On rare occasions, children who are recovering from an infectious disease as common as the flu evolve into a condition that causes severe personality changes and ends up being lethal. They are the victims of the so-called Reye’s Syndrome .

Below we explain the key aspects of this strange neurological disease that seems to be closely related to the use of aspirin in children.

Discovering Reye’s Syndrome

When Ralph Douglas Reye, Graeme Morgan and Jim Baral published in 1963 an article in the prestigious medical journal The Lancet describing a picture characterized by encephalopathy and liver involvement, they laid the foundation of knowledge about a disease as rare as it is heterogeneous.

Reye’s Syndrome, named after the Australian pathologist who first identified the disease, became diagnosable in 1973, reaching its peak of incidence in 1979-1980.

Clinical description

It is a disease of unknown cause that affects especially children between 5 and 15 years old , but can manifest itself until the age of 21 and, very exceptionally, in adulthood.

It usually begins three to five days after the child has a viral infection. Particularly those that affect the upper respiratory tract, flu, chickenpox or gastroenteritis, and are related to the use of aspirin during the course of the infection.

Since there are no specific conclusive tests, the doctor will reach the diagnosis in a clinical way, that is, through the clinical history of the symptoms and with the support of results that evidence the affectation of the liver.Because of the lethality of Reye’s Syndrome, it is vitally important to know the initial symptoms that characterize the disease. Early diagnosis and treatment can save a child’s life.

Signs and symptoms

In Reye’s Syndrome, blood sugar levels plummet, while ammonia and acidity levels in the blood soar . At the same time, the liver can develop fat deposits. It is common for the brain to suffer from oedema, causing seizures or loss of consciousness.

The type of symptoms the patient suffers indicates how advanced the disease is. Depending on the severity of the symptoms, the course can be divided into four stages

1. Stage I symptoms

  • Persistent or continuous vomiting
  • Dizziness
  • Language
  • Energy loss

2. Stage II Symptoms

  • Irritability
  • Aggressive behavior

3. Stage III symptoms

  • Confusion
  • Irrational behavior
  • Combativity

4. Stage IV Symptoms

  • Delirium
  • Seizures
  • Coma

Unfortunately, the course of Reye’s syndrome is not always the same, and some symptoms may not occur or others may appear instead, making it difficult to diagnose. For example, diarrhea and rapid breathing may occur in infants instead of vomiting, so it doesn’t follow a typical pattern.

Although the presence of vomiting in the absence of infection should already sound some alarms, loss of consciousness or seizures is a medical emergency that must be attended to immediately .

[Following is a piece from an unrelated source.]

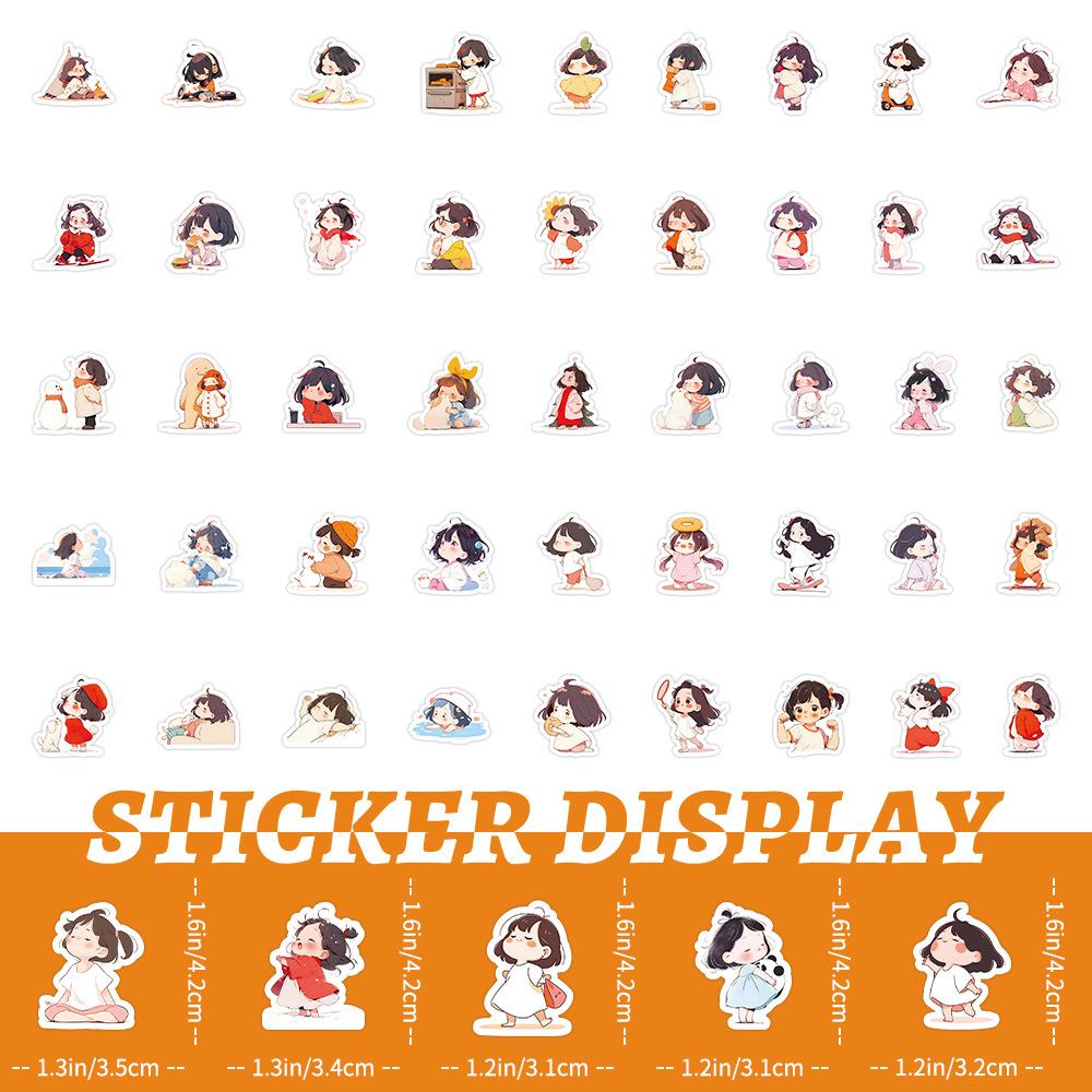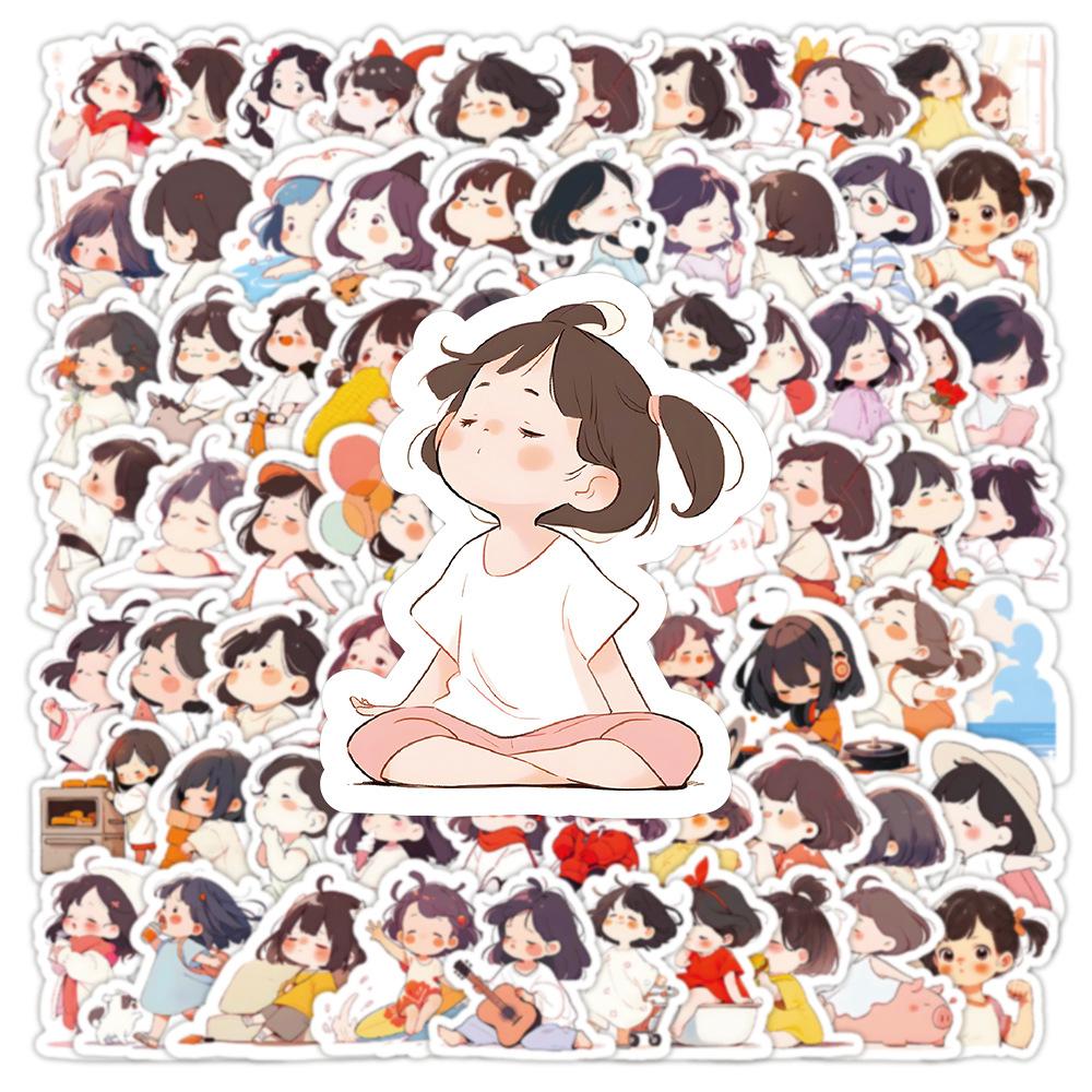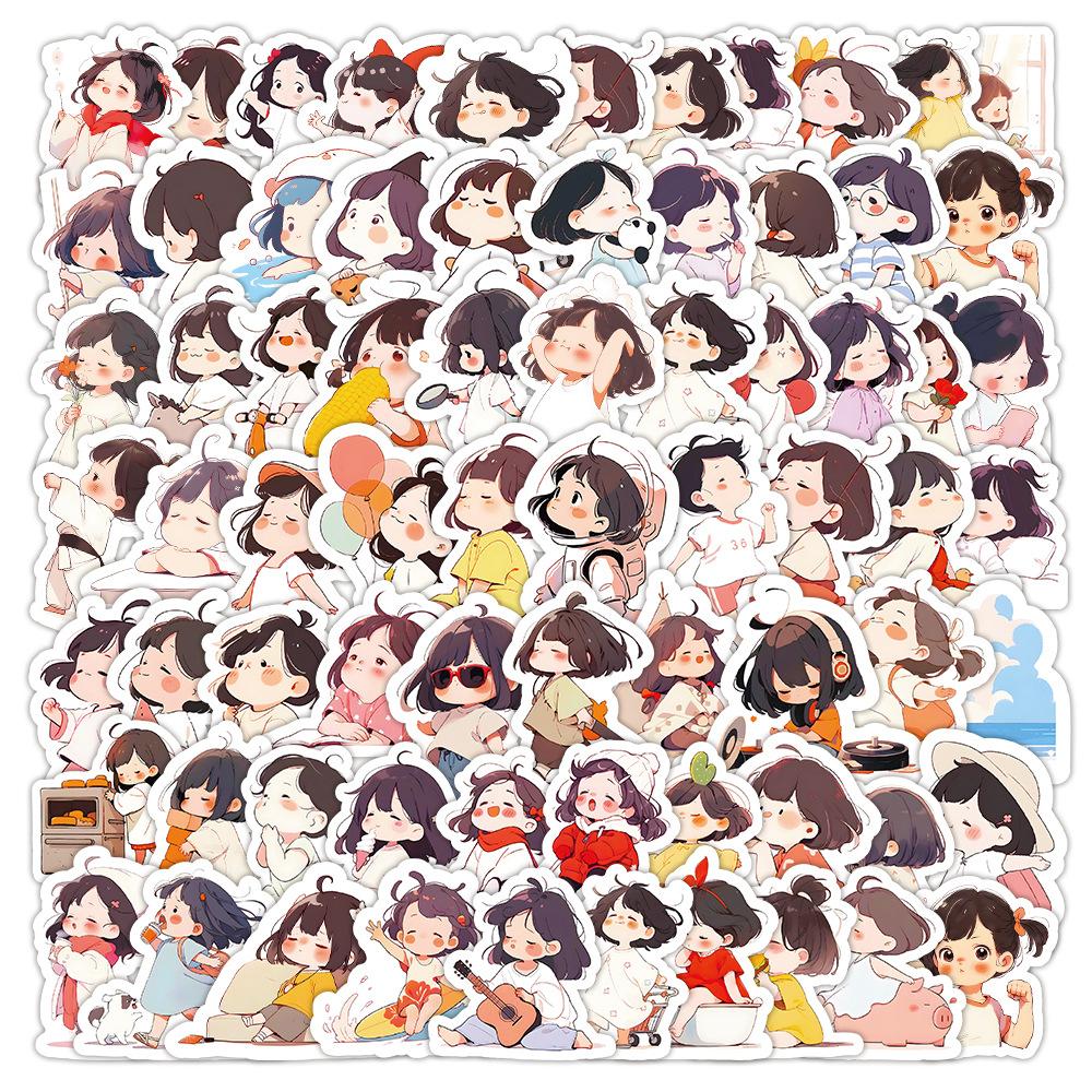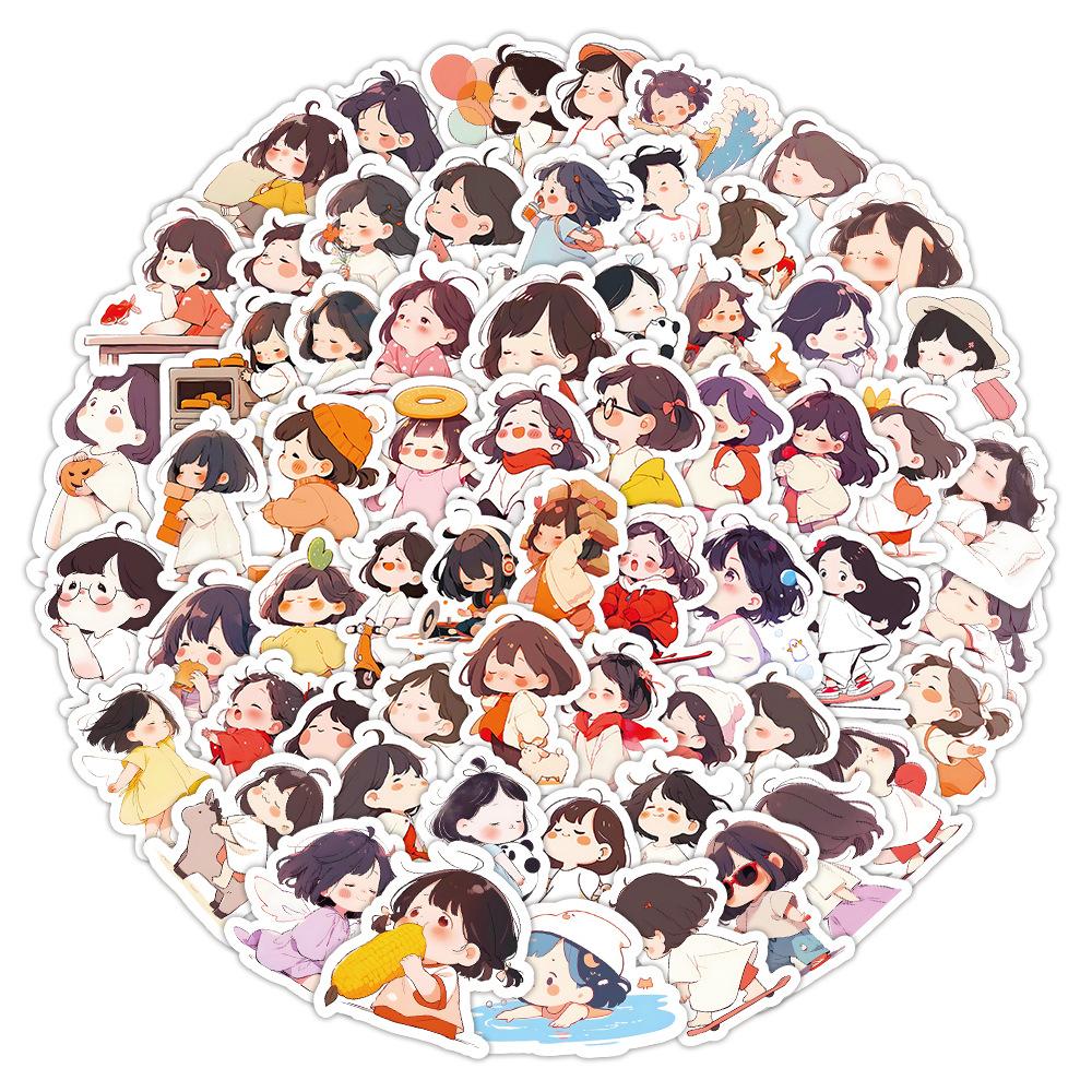 100 pegatinas de dibujos animados de chicas transfronterizas bidimensionales para chicas perezosas, pegatinas decorativas impermeables para teléfono móvil.

How do we act in case of suspicion?

In most cases, Reye’s Syndrome will be treated by health personnel as an emergency due to neurological symptoms. However there is a small part that consults the neurologist before the course worsens.

Preparing for the visit

When the family visits the neurologist, due to the limited time usually devoted to each consultation, it will be very useful that they have followed these tips to get the most out of the appointment .

  • Write down in advance any symptoms the child is experiencing.
  • Make a list of all the medications you have taken.
  • Bring another family member or friend.
  • Write down any questions you want to ask the doctor.

It is better to write down the questions from major to minor, in case you don’t have time to cover them all. Some basic questions that should be asked to the neurologist handling the case are :

  • What other possible causes may there be for these symptoms?
  • What tests are needed for diagnosis?
  • What treatments are available and what are the pros and cons of each?
  • What results can I expect?
  • What’s the next step?


Once the syndrome is diagnosed, the child will be immediately admitted to an Intensive Care Unit. There, treatment aims to minimize symptoms and maintain vital functions, such as breathing or circulation. It will also be essential to protect the brain from permanent damage that may be caused by the edema.

Drugs will be given directly into the vein, including: electrolytes and fluids, diuretics, ammonia-reducing drugs, and anticonvulsants.

Assisted breathing may be used if the patient with Reye’s syndrome needs help breathing. Vital signs, including heart rate, pulse, blood pressure , air circulation, and temperature will be monitored until brain swelling decreases and body functions return to normal.

However, it may take weeks before the patient can be discharged and can leave the hospital.


Because of the possible link between aspirin use and Reye’s syndrome, aspirin should only be administered on the advice of a physician when the benefits outweigh the risks. Children under the age of 16 should also not take products containing aspirin or salicylic salts, such as some mouthwashes or toothpastes, while safer alternatives are available.

In any case, it is important to be alert to the symptoms that children suffer after an infection , in order to reach an early diagnosis and avoid damage that could otherwise be permanent.